I have this table:
我有一张桌子:
create table tab3(
id int not null auto_increment,
phrase text,
link_1 int,
link_2 int,
primary key (id),
foreign key (link_1) references tab1 (id),
foreign key (link_2) references tab2 (id));
I am inserting around 400k rows into this table with Python.

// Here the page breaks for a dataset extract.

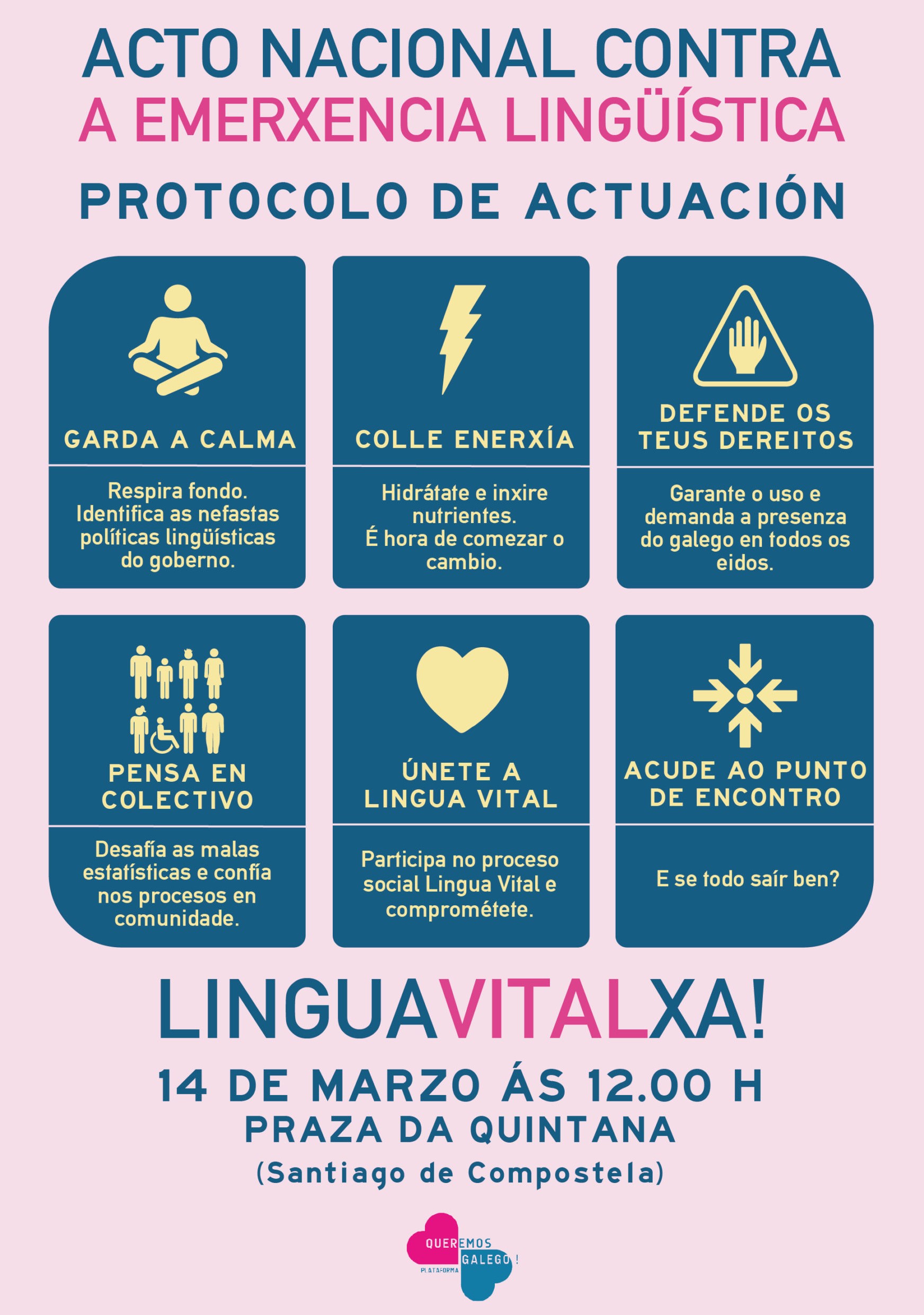 Logo de todo o traballo, as conclusións do proceso Lingua Vital serán presentadas por Queremos Galego este vindeiro sábado 14 de marzo nunha asemblea aberta que se celebrará na Praza da Quintana de Santiago ás doce do mediodía. O acto, como explicou o voceiro da plataforma cidadá, Marcos Maceira, "marcar un punto de inicio para que entidades sociais, concellos, deputacións e a propia Xunta teñan claro que medidas cómpre desenvolver".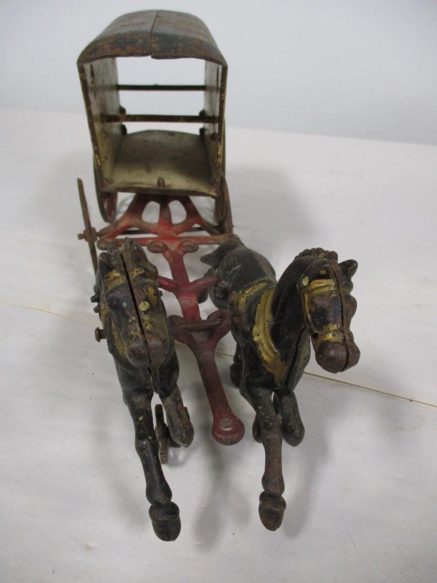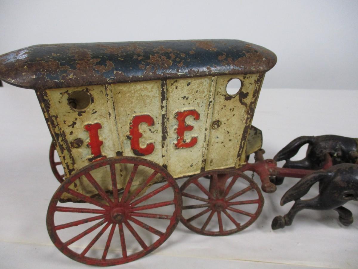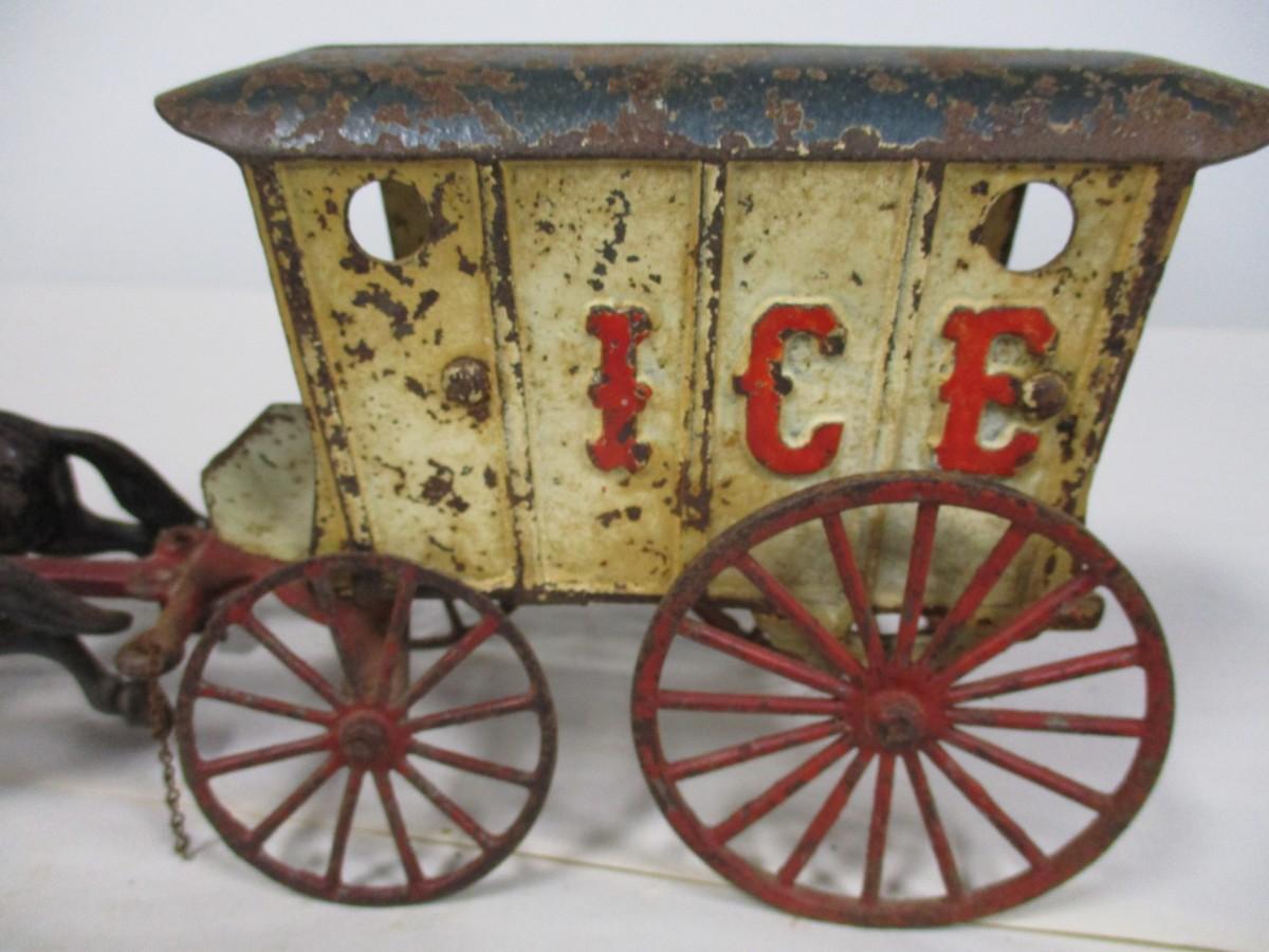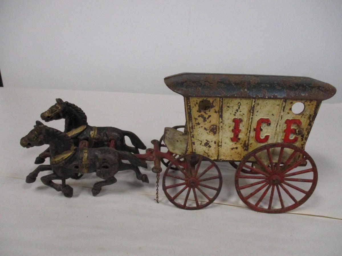 Early Hubley Cast Iron Double Horse Team Drawn Ice Wagon

this is the insert statement:
我用Python在这个表中插入了大约400k行。以下是INSERT语句:
INSERT INTO tab3(phrase, link_1, link_2)
VALUES(
%s,
(select id from tab1 where tab1.col1 = %s),
(select id from tab2 where tab2.col2 = %s));
I have an index on both tables tab1.col1 and tab2.col2. but the insertion is taking a long time around 5mins/1000 row
我在两个表tab1.col1和tab2.col2上都有一个索引。但是插入大约需要5分钟/1000行的时间
I've tried many different techniques from the official docs of MySQL such as:
我从MySQL的官方文档中尝试了许多不同的技术,例如:
- using cursor.execute(stmt,param)
- using cursor.executemany(stmt, params)
- multiple processes ( billiard https://pypi.org/project/billiard/ )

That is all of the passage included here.